Transitioning to a sustainable economy is fast becoming a priority. And as politicians seek to direct capital towards sustainable investments, environmental, social and governance (ESG) regulations directed at the financial sector – including asset management – are on the rise.
We take a closer look at the changes underway with a focus on the European Union (EU), a leader when it comes to sustainability regulation. In particular, we outline:
- The key drivers behind the need to re-shape our economy to one which is more sustainable
- The main initiatives transforming the regulatory landscape
- Challenges and limitations inherent within those policies and frameworks
- Next steps
If we want a reason for this shift in focus towards greater sustainability, we need look no further than the WEF Annual Global Risks Report and the dominance of environmental risks. Given the threat these pose to economic and financial stability, it is hardly surprising that policy makers are responding.
At a global level, international initiatives such as the UN Paris Agreement and the UN Agenda for Sustainable Development are providing countries with targets around which they can develop regulatory frameworks. Policy bodies, including The Financial Stability Task-force on Climate Related Financial Disclosures (TCFD) and the UN Principles for Responsible Investment, are providing guidance and recommendations at a global level. Meanwhile, at a local level, regulators such as the UK Prudential Regulation Authority and the UK Financial Conduct Authority are exploring ways in which finance can address climate issues. The French Energy Transition for Green Growth law, is tackling similar considerations.
Perhaps the most ambitious efforts currently are to be found in the EU action plan on sustainable finance – a ten point plan aimed at:
- Re-orienting financial flows
- Managing financial risk
- Encouraging transparency and long-termism
Proposed legislation sets out new rules covering:
- A taxonomy – defining what a sustainable activity is
- Sustainability disclosures
- Sustainable benchmarks
- How firms integrate sustainability risks
A technical expert group (TEG), comprising industry experts, academics and civil servants is advising the European Commission on some of these topics. While much still needs be to done, progress is meaningful.
These initiatives are well intentioned but not without challenges. This is a transition which must occur over time, balancing ideological and pragmatic considerations.
The question of the taxonomy is a key case in point. The lack of a common framework and terminology for sustainable activities and investments is a longstanding concern. The intention of a standardized taxonomy is to achieve consistency and avoid 'greenwashing' – the practice of labelling an activity as sustainable when in fact it isn't. While the concept is welcome, ultimately, the way in which the taxonomy is calibrated will determine its usefulness. Too broad, and its use is limited, too narrow and it could unintentionally exclude companies or sectors which could, in fact, contribute to the transition towards a sustainable economy.
Greater levels of sustainability disclosure, both for financial firms and corporates, are generally seen as positive. Crucially though, globally accepted disclosure standards need to be developed, particularly given that asset managers invest globally, across companies of all sizes.
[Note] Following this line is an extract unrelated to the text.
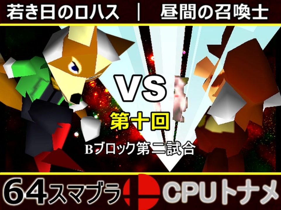 正統派対決?!<br>※どちらが勝つかアンケ結果(Twitter調べ) <br>若き日のロハス(FO) 45% VS 昼間の召喚士(MA) 55%<br><br><span style="color: #0000ff;"><u>※64スマブラCPUトナメ実況のwikiができた模様</u></span><span style="color: #0000ff;">→</span> <a href="https://wiki3.jp/cpu_64" target="_blank" rel="noopener nofollow">https://wiki3.jp/cpu_64</a><br><br><span style="color: #ff0000; font-size: 24px;"><strong>次→</strong></span>【<a href="https://www.nicovideo.jp/watch/sm35266314" class="watch">sm35266314</a>】※毎日投稿<br><br>前【<a href="https://www.nicovideo.jp/watch/sm35266243" class="watch">sm35266243</a>】 Aブロック第一試合【<a href="https://www.nicovideo.jp/watch/sm35254266" class="watch">sm35254266</a>】 <br><span style="color: #000000; font-size: 14px;">第十回選手紹介動画【</span><span style="color: #006699; font-size: 14px;"><a href="https://www.nicovideo.jp/watch/sm35240933" class="watch">sm35240933</a></span><span style="color: #000000; font-size: 14px;">】</span><br>第十回マイリスト【<a href="https://www.nicovideo.jp/mylist/65788927" target="_blank" rel="noopener">mylist/65788927</a>】<br>64スマブラCPUトナメ実況part1まとめ【<a href="https://www.nicovideo.jp/mylist/60846861" target="_blank" rel="noopener">mylist/60846861</a>】<br>その他シリーズ【<a href="https://www.nicovideo.jp/mylist/12965027" target="_blank" rel="noopener">mylist/12965027</a>】<br><br><span style="color: #00bfff;"><strong>Twitter</strong></span>【<a href="https://twitter.com/niconicopppppp" target="_blank" rel="noopener nofollow">https://twitter.com/niconicopppppp</a> 】<br><span style="color: #ff4500;"><strong>チャンネル</strong></span>【<a href="https://ch.nicovideo.jp/p-desu" target="_blank" rel="noopener">ch.nicovideo.jp/p-desu</a>】

Navigating the ESG regulatory landscape
This standardization requirement feeds through to benchmarks. The EU is seeking to develop an EU 'quality assurance mark', initially in the form of an EU 'Climate Transition' benchmark and an EU 'Paris Aligned' benchmark. These will carry greater levels of disclosure, making it easier for consumers to compare products. Again, usability will determine success and at this stage concerns exist around the narrow scope of the Paris aligned methodology.
This brings us to the fourth area of focus, integration of sustainability risks. These fall into two parts: the way in which firms integrate sustainability into their investment and operational processes, and the way in which they integrate clients' sustainability preferences. For some firms, integrating sustainability risks and preferences will be mandatory - a move seen as broadly welcome. Any concerns center more around the need to keep any changes to the sales and distribution process simple and workable, given how soon they come after the MiFID II regime.
Looking ahead, it is clear that asset owners and asset managers will need to work together over time, not only to meet the requirements of the emerging financial frameworks legislation, but also to reap the financial and other benefits of sustainable investing.
As Julie Hudson, Global Head of ESG Research, UBS Investment Bank, recently said, "ESG will become "business as usual" at least partly because of a substantial body of regulation, which will act as an important catalyst, whatever anyone thinks about the detail, and however much doubt people may have about lists and taxonomies."